勤務医時代の生命保険

勤務医時代の生命保険

2015年01月27日(火)10:47 AM

本日の質問

勤務医と開業医では加入する保険や加入目的も違うと思います。

まず、勤務医時代に考えておくべきリスクやその対策について教えてください。

 

本日の回答 / 生命保険協会認定FP 友部 守

◆勤務医時代の生命保険
 ・勤務医時代に対策を打っておきたいリスクは次の4点です。

  1、遺族の生活保障

  2、病気・ケガ

  3、老後資金準備

  4、開業資金準備

 

1、遺族の生活保障


 ・ドクターが独身であれば、「お葬式代だけあればよい」といった考え方でも構わないと思います。
  (「保険」に入らないという選択肢もありだと思います。)
 
 ・高額の保障は不要です。

 ・開業など、将来のことも不透明な場合、あまり長期の保障にお金を使うのも問題だと思います。


   以上のことから、下記の3つの選択肢が考えられます。


◎10年あるいは5年という短期の定期保険に加入する。

◎1年更新の勤務先の「グループ保険」に入る。

◎「都道府県民共済」等に加入する。

 

2、病気・ケガのリスク対策

 

・病気やケガに備える保険は「医療保険」です。テレビなどのCMですっかりおなじみかもしれません。
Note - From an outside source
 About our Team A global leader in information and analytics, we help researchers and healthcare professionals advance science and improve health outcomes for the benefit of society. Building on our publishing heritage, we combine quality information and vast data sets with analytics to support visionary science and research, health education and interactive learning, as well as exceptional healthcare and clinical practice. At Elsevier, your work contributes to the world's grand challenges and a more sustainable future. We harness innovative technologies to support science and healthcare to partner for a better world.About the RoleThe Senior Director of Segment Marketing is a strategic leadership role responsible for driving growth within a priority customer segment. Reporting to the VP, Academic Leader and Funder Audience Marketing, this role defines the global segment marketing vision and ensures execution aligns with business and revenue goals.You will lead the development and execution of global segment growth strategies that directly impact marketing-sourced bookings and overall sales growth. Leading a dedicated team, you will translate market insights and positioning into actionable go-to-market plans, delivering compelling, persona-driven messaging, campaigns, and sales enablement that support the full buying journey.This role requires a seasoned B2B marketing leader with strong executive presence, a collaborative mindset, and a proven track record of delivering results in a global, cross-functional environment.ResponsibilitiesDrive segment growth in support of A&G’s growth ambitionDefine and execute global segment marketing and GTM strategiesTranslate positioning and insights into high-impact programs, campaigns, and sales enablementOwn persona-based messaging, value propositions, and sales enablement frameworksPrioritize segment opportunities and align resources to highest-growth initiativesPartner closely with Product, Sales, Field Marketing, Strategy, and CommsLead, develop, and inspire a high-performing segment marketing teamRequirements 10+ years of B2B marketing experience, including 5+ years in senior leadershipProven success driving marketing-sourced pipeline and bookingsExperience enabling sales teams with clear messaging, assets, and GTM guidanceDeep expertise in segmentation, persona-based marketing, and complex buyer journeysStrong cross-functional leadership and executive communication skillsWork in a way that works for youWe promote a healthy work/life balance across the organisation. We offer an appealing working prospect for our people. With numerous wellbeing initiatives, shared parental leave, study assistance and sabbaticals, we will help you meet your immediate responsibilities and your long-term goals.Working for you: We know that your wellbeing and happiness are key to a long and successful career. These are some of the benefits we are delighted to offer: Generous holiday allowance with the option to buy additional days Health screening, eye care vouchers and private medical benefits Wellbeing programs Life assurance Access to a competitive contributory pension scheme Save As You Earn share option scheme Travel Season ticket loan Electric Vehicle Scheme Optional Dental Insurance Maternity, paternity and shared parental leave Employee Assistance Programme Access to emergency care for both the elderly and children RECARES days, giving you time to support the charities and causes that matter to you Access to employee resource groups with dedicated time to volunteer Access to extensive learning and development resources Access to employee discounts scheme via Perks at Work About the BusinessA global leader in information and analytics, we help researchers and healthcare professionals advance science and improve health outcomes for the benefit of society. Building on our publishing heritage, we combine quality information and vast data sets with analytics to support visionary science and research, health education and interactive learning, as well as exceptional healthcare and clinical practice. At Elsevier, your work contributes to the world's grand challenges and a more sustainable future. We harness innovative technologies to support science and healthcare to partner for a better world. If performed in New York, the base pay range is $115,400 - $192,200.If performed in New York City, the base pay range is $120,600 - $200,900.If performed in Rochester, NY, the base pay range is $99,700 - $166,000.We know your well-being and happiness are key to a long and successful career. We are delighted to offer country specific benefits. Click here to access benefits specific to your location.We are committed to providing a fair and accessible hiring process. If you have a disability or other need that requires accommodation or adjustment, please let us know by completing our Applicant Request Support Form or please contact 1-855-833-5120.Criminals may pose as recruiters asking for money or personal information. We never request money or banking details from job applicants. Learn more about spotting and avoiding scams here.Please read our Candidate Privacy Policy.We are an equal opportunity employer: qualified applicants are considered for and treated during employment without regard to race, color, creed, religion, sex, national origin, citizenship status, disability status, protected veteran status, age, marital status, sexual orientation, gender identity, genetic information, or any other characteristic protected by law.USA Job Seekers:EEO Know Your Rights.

・1日あたりの決められた入院給付金や所定の手術給付金が受け取れるという保険です。

・各保険会社が競って商品開発をしている保険ですので、たとえば 「がん診断給付金」と言っても、その保障内容には違いがあります。

・ご自身が求めている保障内容かどうか、きちんと検討されることをお勧めします。

 

3、老後資金準備を保険で考えた場合の注意点

 

・「老後の資金」づくりは、必ずしも保険商品を利用すべきとは言えません。あくまでも、1つの選択肢を考えてください。

・固定金利で運用されている保険商品はインフレに弱い面があります。

・現在20代の勤務医が60歳を過ぎる頃の貨幣価値など誰にも分かりません。

 

4、「開業資金準備」を保険で考えた場合のポイント

 

 ・「開業資金」づくりは、保険商品だけが選択肢ではありません。あくまでも、1つの方法と考えて頂ければと思います。
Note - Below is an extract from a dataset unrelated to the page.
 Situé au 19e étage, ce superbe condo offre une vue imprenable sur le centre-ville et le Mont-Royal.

 ・固定金利で運用されている保険商品はインフレに弱い面があります。

 ・保険料の支払期間は10年から15年の短期払いで考えます。

 

本日のポイント

 ☆たとえば、「がん診断給付金」の場合

 ・「がん」と一口に言っても、支払いにおいては、「悪性新生物」と「上皮内新生物」で分かれます。
 
 ・一般的に、「悪性新生物」は100%の支払いで、「上皮内新生物」は10%の支払いです。

 ・最近では、「上皮内新生物」でも50%、100%を支払うタイプが発売されています。

 

 ☆医療保険を収入補てんとして考える。

 ・入院が短期化しているので、1日あたりの保険金額を大きく、1回の入院保障期間は短めとするのが現実的です。

 ・日額2万円の医療保険に加入して30日間入院した場合、60万円の給付は心強いです。

 ・日額1万円の医療保険に2本加入する。さらに、保険会社を2社に分けて加入することも、保険会社へのリスクヘッジとして有効です。

 

 ☆保険商品の中では「個人年金保険」の活用が考えられます。


 ・「個人年金保険」は、たとえば60歳以降に受取る年金額や毎月払い込む保険料を決めておいて契約する貯蓄性商品です。

 ・万が一の場合の保障はありません。

 ・基本的に、その時までに払い込んだ保険料が戻されるだけの商品です。

 

 ☆保険商品としては、「終身保険」や「養老保険」、「逓増定期保険」の活用が考えます。

 

 『終身保険』
  ・保険料は短期払いで設定します。
  ・保険料の払込終了時点で100%以上の解約返戻金が準備できます。
  ・必要資金の金額によっては、一部解約でお金を受取り、残りは
   保障としてそのまま続けることも出来ます。

 『養老保険』
  ・満期には掛けた保険料が100%戻ってきます。
  ・必ず満期があるので、お金が必要な時期を一致しない事もある。

 『逓増定期保険』
  ・デメリットとしては、返戻のピークが決まっている。
  ・ピークを外すとお金が減ってしまう。